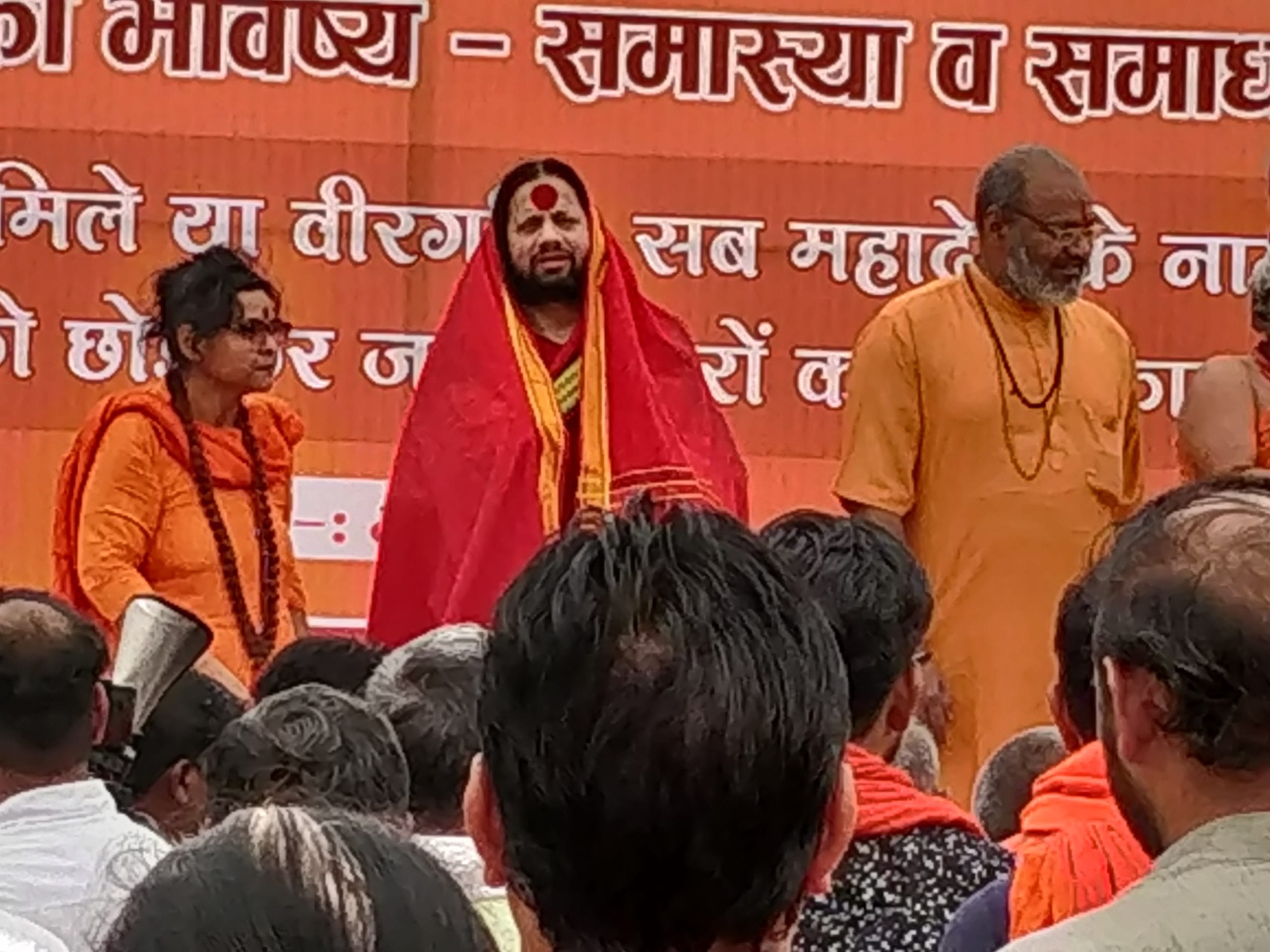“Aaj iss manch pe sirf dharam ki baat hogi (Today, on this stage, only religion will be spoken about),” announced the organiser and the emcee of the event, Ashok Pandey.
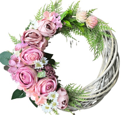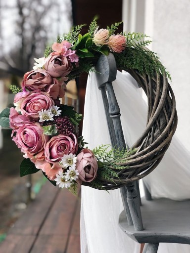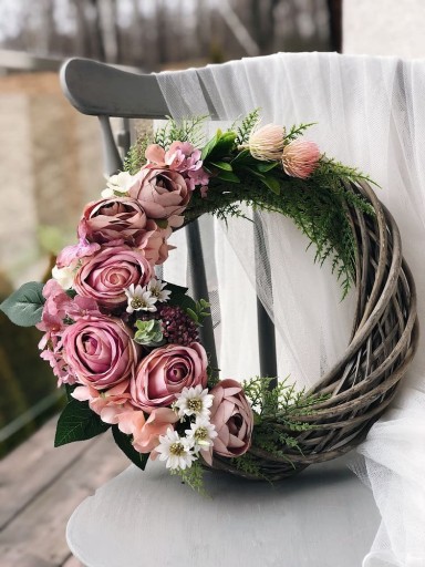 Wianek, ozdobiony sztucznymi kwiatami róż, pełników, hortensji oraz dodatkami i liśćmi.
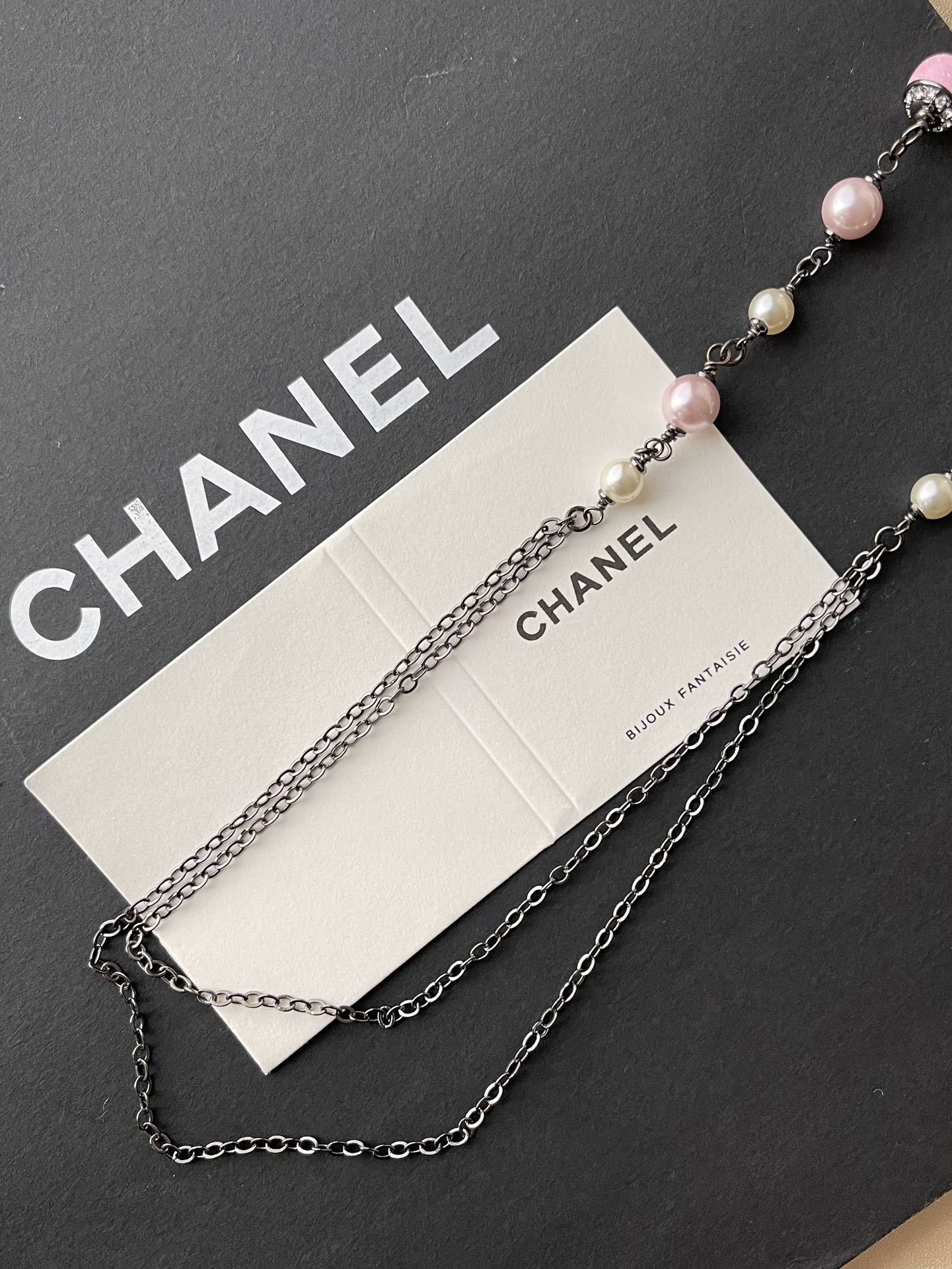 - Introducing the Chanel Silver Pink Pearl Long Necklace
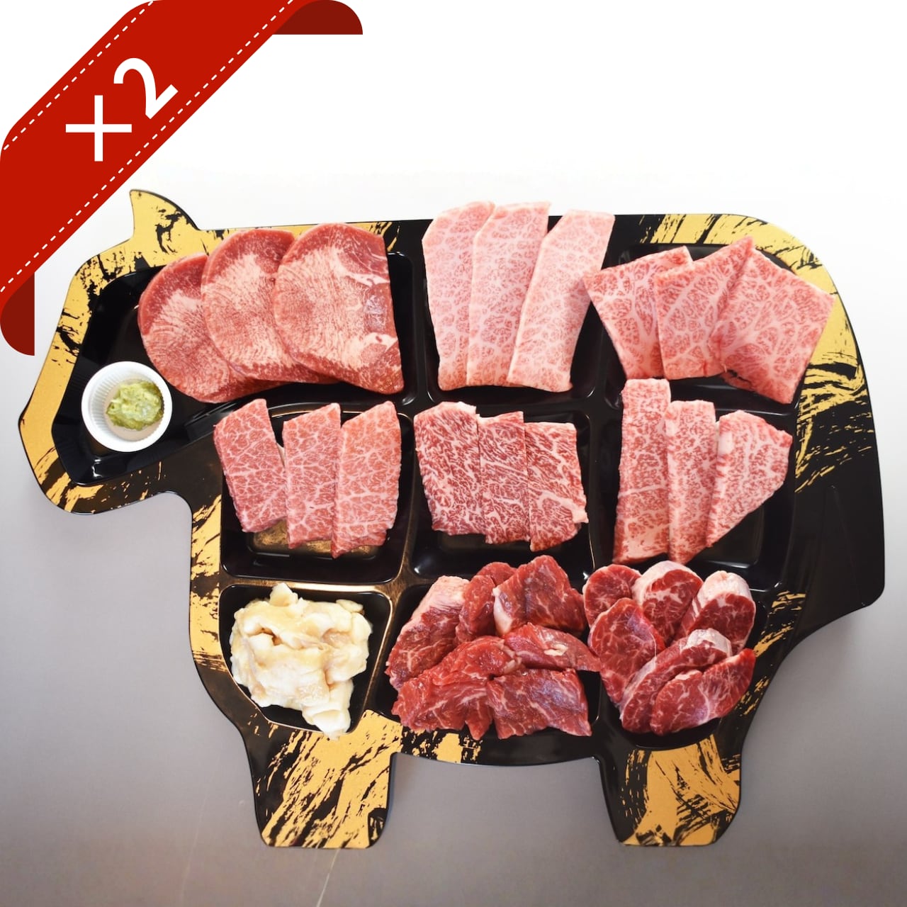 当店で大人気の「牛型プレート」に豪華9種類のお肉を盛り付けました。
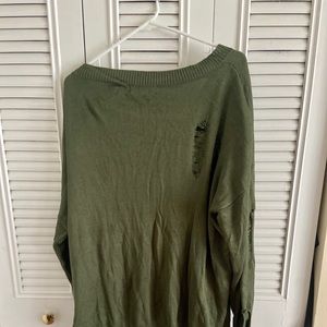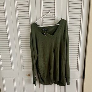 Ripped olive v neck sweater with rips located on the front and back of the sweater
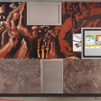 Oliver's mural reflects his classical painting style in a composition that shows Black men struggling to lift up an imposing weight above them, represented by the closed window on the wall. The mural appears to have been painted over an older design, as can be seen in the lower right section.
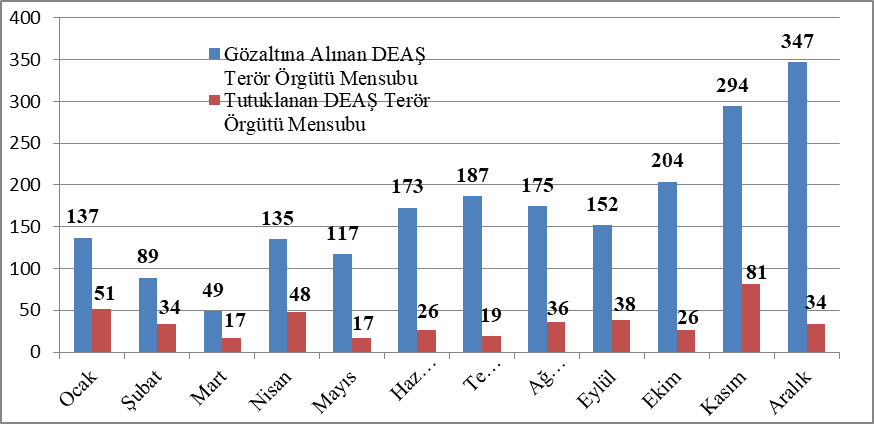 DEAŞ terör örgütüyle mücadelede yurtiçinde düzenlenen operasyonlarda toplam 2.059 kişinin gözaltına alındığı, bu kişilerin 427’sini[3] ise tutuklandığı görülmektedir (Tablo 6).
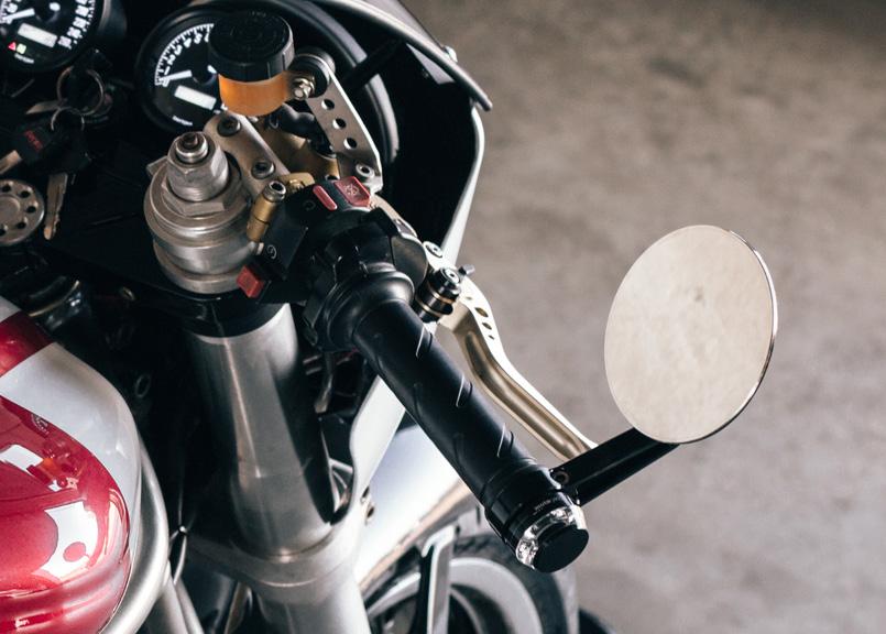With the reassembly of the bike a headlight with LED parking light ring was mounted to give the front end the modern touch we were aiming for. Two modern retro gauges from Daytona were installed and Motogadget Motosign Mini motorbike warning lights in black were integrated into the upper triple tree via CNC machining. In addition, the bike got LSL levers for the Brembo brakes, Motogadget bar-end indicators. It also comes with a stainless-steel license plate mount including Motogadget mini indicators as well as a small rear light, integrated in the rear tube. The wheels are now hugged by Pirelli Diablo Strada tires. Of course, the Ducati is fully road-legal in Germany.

□ □ □ □ □

#### TASK PROMPT:
Your output must reproduce the material above in full, with no pictures.

#### SOLUTION:
“Aaj iss manch pe sirf dharam ki baat hogi (Today, on this stage, only religion will be spoken about),” announced the organiser and the emcee of the event, Ashok Pandey.
 Wianek, ozdobiony sztucznymi kwiatami róż, pełników, hortensji oraz dodatkami i liśćmi.
 - Introducing the Chanel Silver Pink Pearl Long Necklace
 当店で大人気の「牛型プレート」に豪華9種類のお肉を盛り付けました。
 Ripped olive v neck sweater with rips located on the front and back of the sweater
 Oliver's mural reflects his classical painting style in a composition that shows Black men struggling to lift up an imposing weight above them, represented by the closed window on the wall. The mural appears to have been painted over an older design, as can be seen in the lower right section.
 DEAŞ terör örgütüyle mücadelede yurtiçinde düzenlenen operasyonlarda toplam 2.059 kişinin gözaltına alındığı, bu kişilerin 427’sini[3] ise tutuklandığı görülmektedir (Tablo 6).
With the reassembly of the bike a headlight with LED parking light ring was mounted to give the front end the modern touch we were aiming for. Two modern retro gauges from Daytona were installed and Motogadget Motosign Mini motorbike warning lights in black were integrated into the upper triple tree via CNC machining. In addition, the bike got LSL levers for the Brembo brakes, Motogadget bar-end indicators. It also comes with a stainless-steel license plate mount including Motogadget mini indicators as well as a small rear light, integrated in the rear tube. The wheels are now hugged by Pirelli Diablo Strada tires. Of course, the Ducati is fully road-legal in Germany.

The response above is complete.